Beyond these ethical considerations, the researchers emphasize the importance of collaboration with patients and their caregivers.
Amid a changing landscape for spinal muscular atrophy (SMA), Australian researchers have highlighted the ethical considerations stakeholders face when it comes to both screening and treating the disease, including how the severity of the disease is taken into account.
Through these ethical considerations, the researchers highlighted the importance of collaborating with patients and their caregivers, including in decisions about treatment eligibility as more longitudinal evidence becomes available for treatments like risdiplam (approved in 2020) and nusinersen (approved in 2016), which showed improvements in motor function and survival.
“While new therapies for SMA are extremely welcome, the rapid pace of their development is creating ethical complexity for healthcare professionals and families. The long-term effects and outcomes of new therapies for SMA remain uncertain,” the study authors wrote in Australian Journal of General Medicine. “While they may prevent further decline, disease-modifying treatments are not a cure for SMA, and children who begin treatment after symptoms appear may continue to live with impairment. It is important to manage parents’ optimism and hope and to ensure that the benefits are not overstated while the possible harms are underestimated.
Access to these treatments also poses challenges, the researchers explained, citing restrictions related to age, place of treatment, SMN2 copies and disease progression. For example, patients who are presymptomatic with at least 3 copies of SMN2 cannot be reimbursed for disease-modifying treatments.

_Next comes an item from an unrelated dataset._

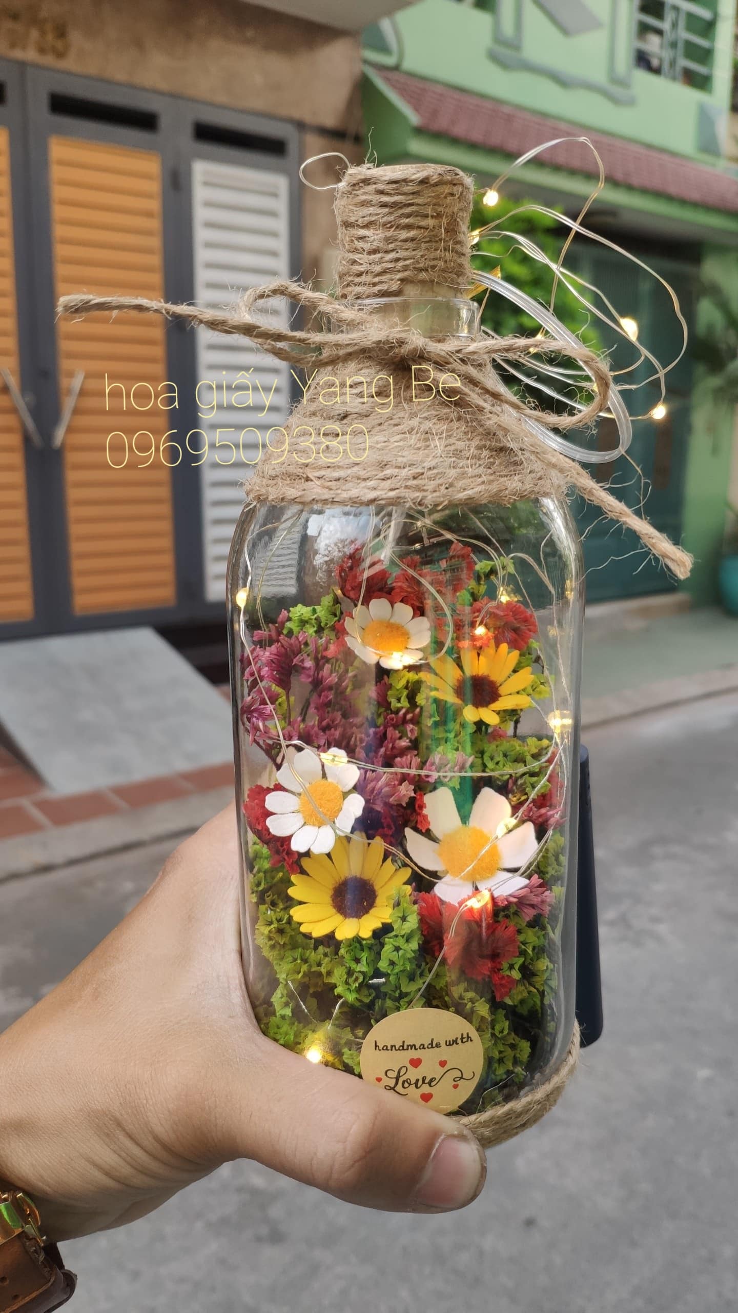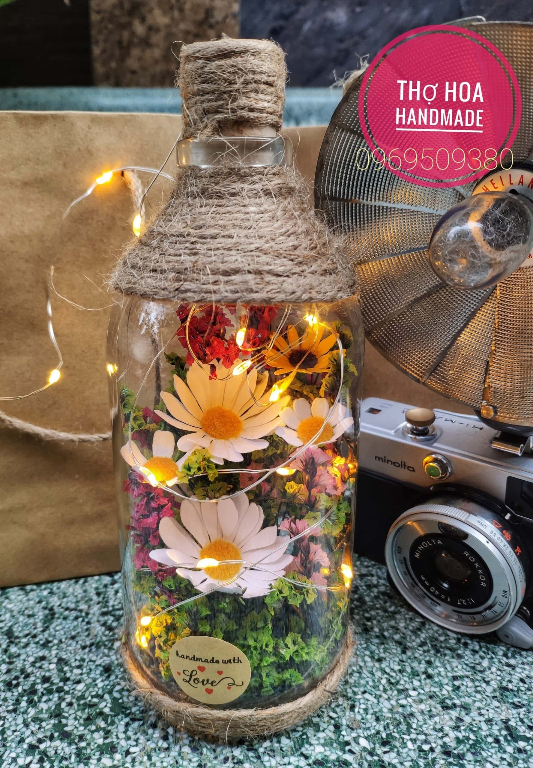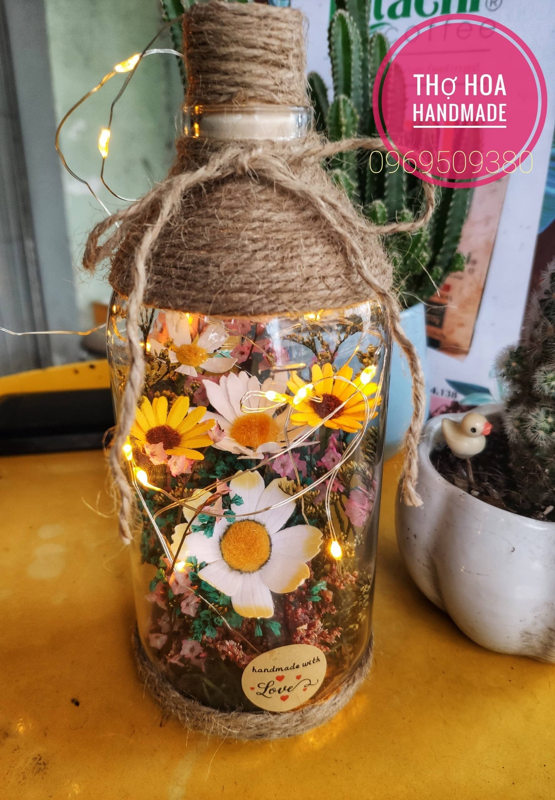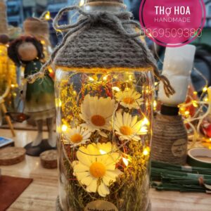 Cách thức: Lọ thủy tinh khoảng 300ml dẹp được quấn dây thừng , nút gỗ ép có lỗ dẫn dây đèn nhiều bóng đèn nhỏ bên trong.

In their article, the researchers also raise ethical considerations for SMA before and immediately after birth. As with other genetic diseases, SMA is included in most commercial panels for reproductive carrier screening (RCS). If it is determined that a child is likely to have SMA, parents have the option of performing other interventions, including preimplantation genetic testing where they choose an embryo without 2 copies of the SMN1 pathogenic variant.
Prenatal diagnosis is also used to help a couple prepare for or avoid the birth of a child with SMA.
The researchers noted that while RCS gives parents the ability to make their own reproductive decisions, the process also has ethical concerns, with the group recommending that couples be referred to appropriate RCS providers who are available for provide advice after the test.
“For SMA in particular, the identification of carriers of a pathogenic variant in the SMN1 The gene alone does not predict the severity of SMA a child may develop,” they explained. “Another consideration is the broader debate on the place of disability and difference in society. It has been argued that prenatal screening is unfairly discriminatory, particularly when there is a variable presentation. Reasons include an implicit goal of eradicating disability and decreasing diversity, thereby devaluing people living with genetic conditions such as SMA.
With an emphasis on early intervention, newborn screening (NBS) is recognized as another crucial opportunity for early disease detection, with countries around the world implementing NBS programs.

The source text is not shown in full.